Use this table to spot patterns and narrow down issues at the message level. This trace table gives you visibility into each message’s lifecycle. It helps you to:

  • Identify specific messages that failed and understand why.
  • Monitor how different models or prompts affect latency.
  • Validate expected behavior for test cases or changes.

Trace details

To view the full trace details, click a message status in the Traces table. Another window opens with detailed trace of the message.

Agent analytics trace details
Figure 4. Trace details of the message.

This detailed view helps you to:

  • Trace the exact runtime path that the agent followed.
  • Confirm which model and prompt were used.
  • Understand what inputs, outputs, and results were passed between steps.

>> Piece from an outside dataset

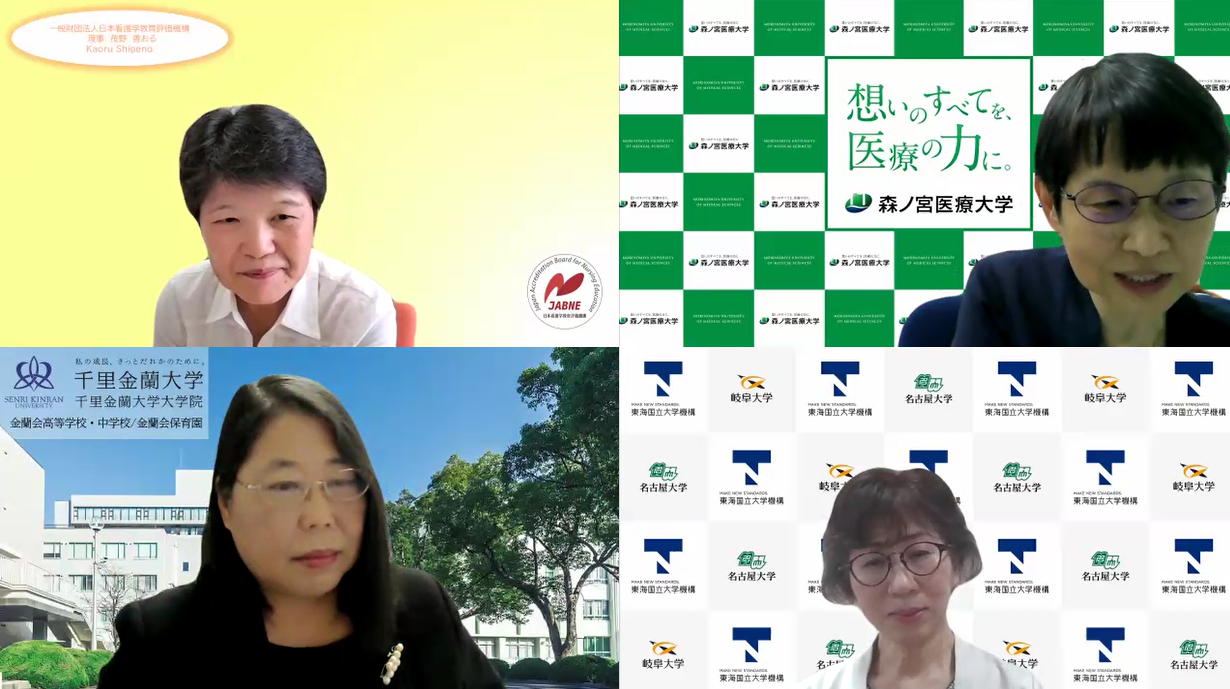第2部では、パネルディスカッション「受審後の教学マネジメントに関わる各大学の取り組み」をテーマに、森ノ宮医療大学看護学部(2021年度受審)の内田宏美学部長、千里金蘭大学看護学部(2022年度受審)の藤田倶子学部長、岐阜大学医学部看護学科(2022年度受審)の井關敦子学科長にご発表いただきました。受審を振り返り、受審に至るまでの苦労、学内の体制、受審結果から明確になった課題とその対応など、ありのままをお話しいただきました。

Use this information to evaluate if the correct knowledge source was accessed, whether the response made sense, and if performance was acceptable. It’s especially useful for investigating unexpected or inconsistent behavior.

Debug knowledge runtime issues

The debug-level trace details provide deep visibility into the agent’s knowledge workflow. These details help you understand what happened during message processing and diagnose issues such as missing, incorrect, or incomplete responses.

Use trace data to:

  • Review the request and response during the retrieval phase
  • Examine the request and response during the answer generation phase
  • Assess the post-processing status and related metrics

This visibility supports accurate knowledge usage and faster issue resolution.

Accessing debug-level trace details

For an agent with knowledge enabled:

  1. In Service & Operation, go to wxo-server tools.task > Tags.
  2. Scroll to traceloop.entity.output.
  3. Expand artifact > debug.

Agent analytics debug level
Figure 5. Debug-level trace fields for runtime troubleshooting.

Key runtime fields

The debug view includes several categories:

  1. Callout

    • llm
      • generated_token_count: The number of tokens in the generated response.
      • input_token_count: The number of tokens in the input message.
      • model_id: The identifier for the model used.
      • request
        • search_results: The results returned from the knowledge search step.
      • response: The final output that is sent to the user.
        • is_idk_response: The response indicates whether the assistant replied with an “I don’t know” answer.
        • response_type: The type of message returned, such as text or option.
        • text: The response message that is shown to the user.
      • success: The response status shows whether the response was delivered successfully.
  2. Search

    • engine: The runtime search engine used.
    • index: The index targeted in the search.
    • query: The search query issued at run time.
    • request: The search request that is sent to the external service.
      • body: The full content of the request, such as the query and any filters.
      • method: The HTTP method used, such as POST or GET.
      • path: The endpoint path for the request.
      • port: The network port used in the request.
      • url: The full URL of the external service endpoint.
    • response: The output returned by the external service after the request is sent.
      • body: The full content returned in the response, such as retrieved documents or data.
  3. Metrics

    • answer_generation_time_ms: The time taken to generate the response.
    • search_time_ms: The time spent doing the knowledge search.
    • total_time_ms: The total processing time for the full RAG pipeline.
  4. Other

  • is_multi_turn: The previous turn's context is used in generating the current turn's answer.

These details help you pinpoint latency issues, troubleshoot failed searches, and validate model inputs.